[Opening AVAILABLE DATA section]
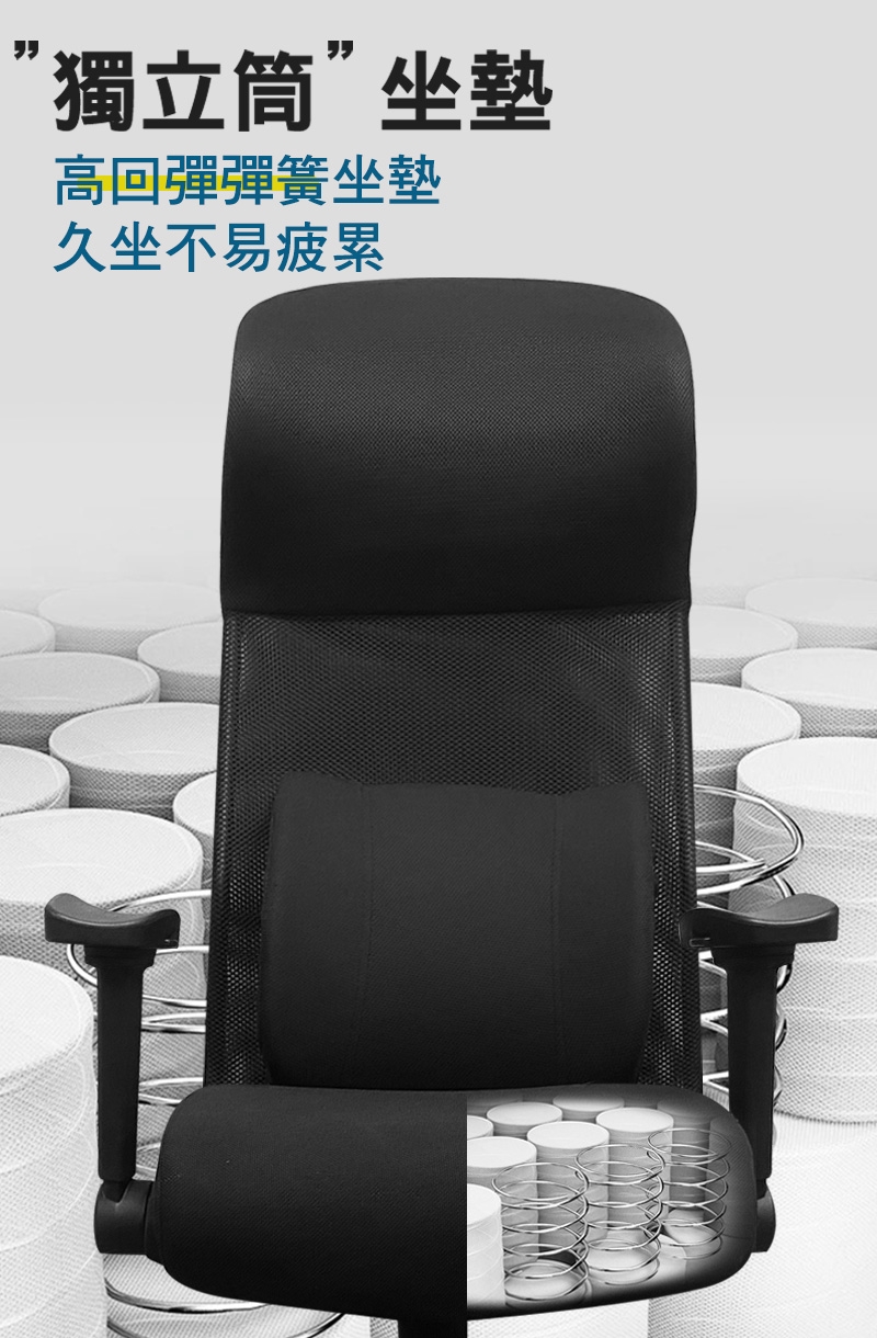 採用高回彈獨立筒彈簧坐墊,層層支撐精準承托身形,坐感彈韌適中,長時間久坐亦能維持舒適,減少疲勞感。
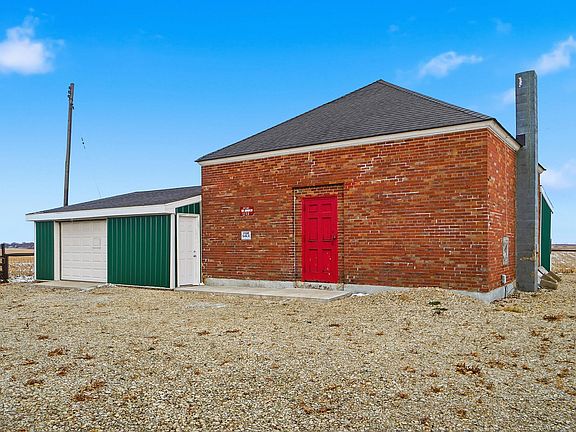 Unique property situated on approximately 0.30 acres surrounded by open farmland. This parcel includes multiple structures offering flexible space for storage, workshop, or hobby use. The newest addition (2015) features 6-inch concrete floors, 100-amp electric service, a furnace, and a roof replaced in 2025. The oversized 2-plus car garage includes an additional enclosed 11-foot rear extension. Connected to the garage is the original 1900s brick building, which includes a walk-up loft area open to the lower level and a wood-burning stove. The private well was installed approximately 6-7 years ago. Buyer to verify zoning, intended use, and any local permitting requirements.
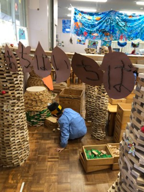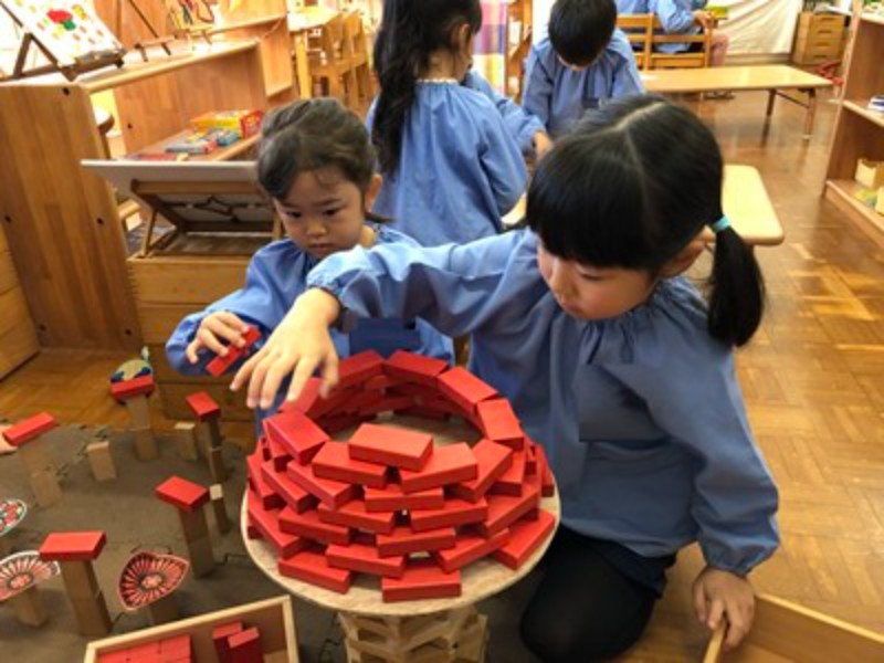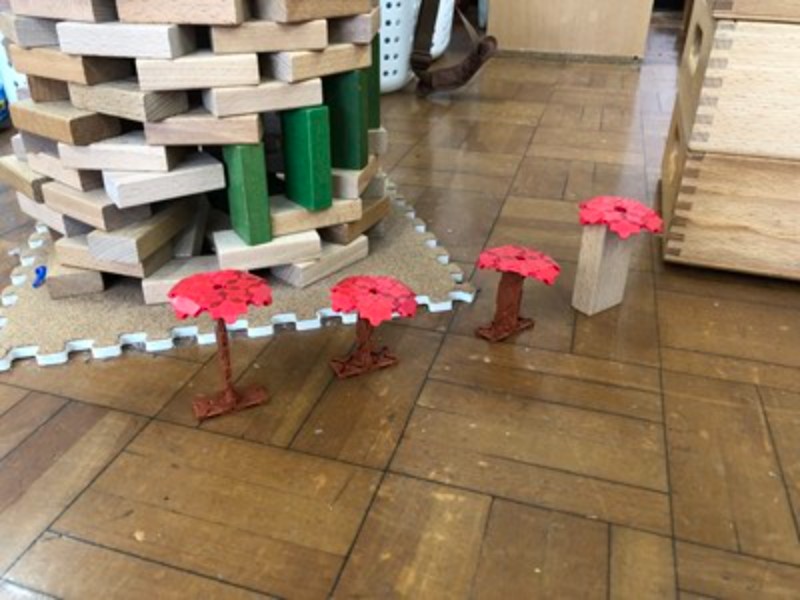 いろいろな部屋で子ども達の新しい遊びが少しずつ芽生えています。まるで秋が日に日に深まり、景色が豊かに彩られていくように、遊びの世界も広がりを見せています。
[Closing AVAILABLE DATA section]
» WHAT NEEDS TO BE DONE:
Output the complete listing exactly. Pictures stay out.

» OUTPUT OF THE EXERCISE:
 採用高回彈獨立筒彈簧坐墊,層層支撐精準承托身形,坐感彈韌適中,長時間久坐亦能維持舒適,減少疲勞感。
 Unique property situated on approximately 0.30 acres surrounded by open farmland. This parcel includes multiple structures offering flexible space for storage, workshop, or hobby use. The newest addition (2015) features 6-inch concrete floors, 100-amp electric service, a furnace, and a roof replaced in 2025. The oversized 2-plus car garage includes an additional enclosed 11-foot rear extension. Connected to the garage is the original 1900s brick building, which includes a walk-up loft area open to the lower level and a wood-burning stove. The private well was installed approximately 6-7 years ago. Buyer to verify zoning, intended use, and any local permitting requirements.
 いろいろな部屋で子ども達の新しい遊びが少しずつ芽生えています。まるで秋が日に日に深まり、景色が豊かに彩られていくように、遊びの世界も広がりを見せています。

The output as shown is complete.